Although finding optimal solutions for Dec-POMDPs can be difficult, we can often find high quality approximate solutions and some problems permit more scalability due to their structure. My research has developed:
          • A sample-based algorithm for finite-horizon and goal-based Dec-POMDPs and with bounded optimality [AAMAS 09]
          • Scalable solution methods assuming additional structure is present in the form of independence in agent dynamics [UAI 12, AAMAS 13]
These methods solve significantly larger problems in terms of states and agents while retaining solution quality bounds.
Balancing time and accuracy in video surveillance

With the profusion of video data, automated surveillance and intrusion detection is becoming closer to reality. In order to provide a timely response while limiting false alarms, an intrusion detection system must balance resources (e.g., time) and accuracy.

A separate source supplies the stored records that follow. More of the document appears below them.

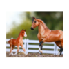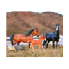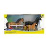 El juego incluye 3 caballos (semental, yegua y potro), 6 piezas de cerca, abrevadero, cubo de agua, bolsa de alimento y bolsa de alimento.
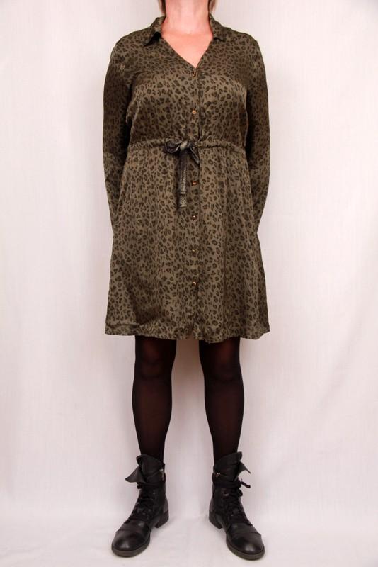 Красивое платье с животным принтом в цвете хаки и розовом. Платье на кулиске, при желании можно носить как платье -рубашку.
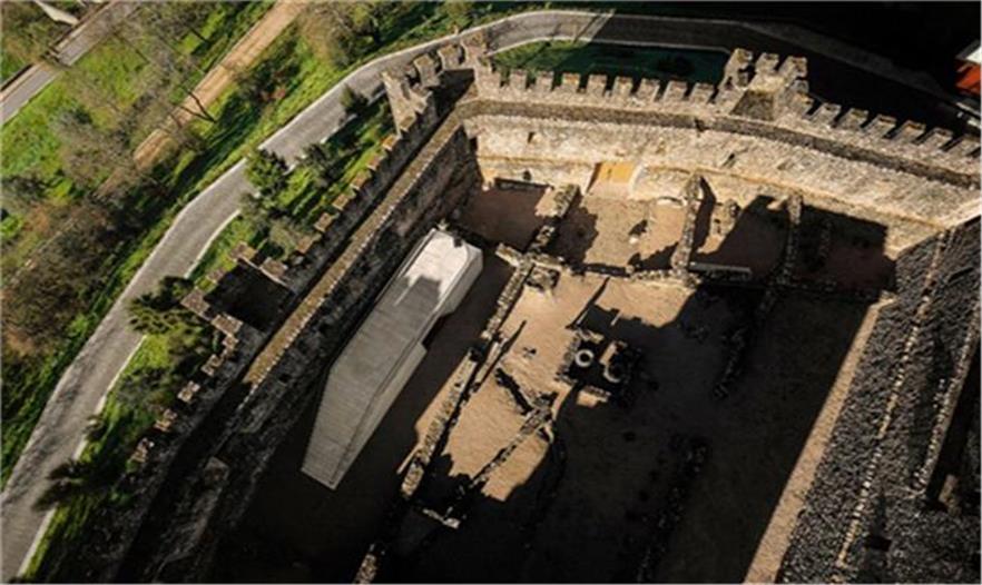 Pombal古堡游客中心的設(shè)計追求著歷史與現(xiàn)實(shí)所共存的模糊空間:它或許只是與古堡融為一體的龐大的石灰?guī)r,或許只是一個和藹可親的流浪者,又或許只是一個尋找家的陌生人的容身之處。
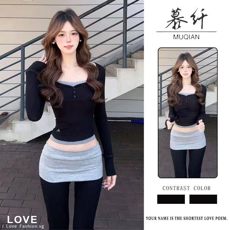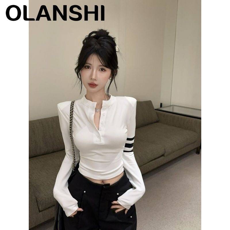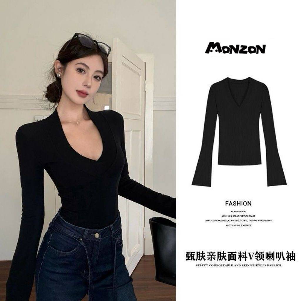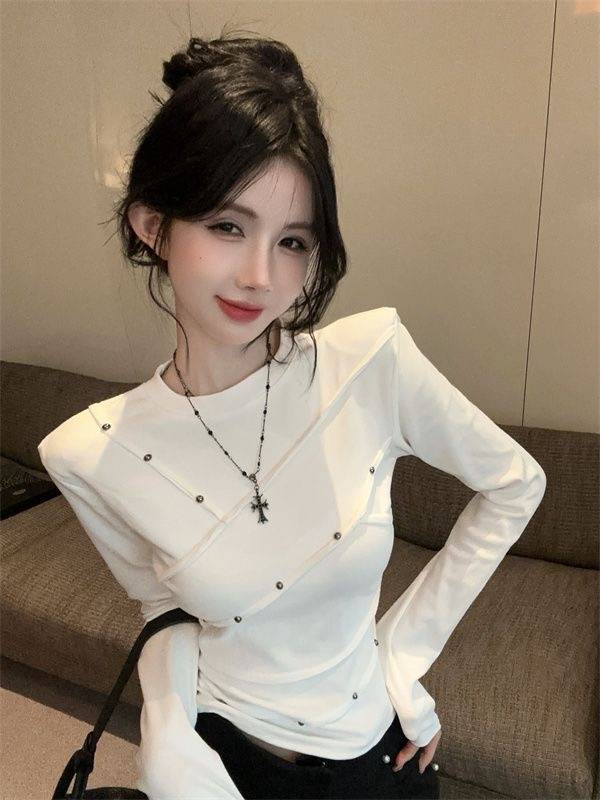 2019新款早秋长袖抽绳T恤女 韩版修身纯色舒适打底衫

We showed how such a system can be modeled with a partially observable Markov decision process (POMDP), representing possible computer vision filters and their costs in a way that is similar to human vision systems [IAAI 12].

Machine learning for video games

Video games provide a rich testbed for artificial intelligence methods. In particular, creating automated opponents that perform well in strategy games is a difficult task. For instance, human players rapidly discover and exploit the weaknesses of hard coded strategies.

To build better strategies, we developed a reinforcement learning approach for learning a policy that switches between high-level strategies [AAMAS 10].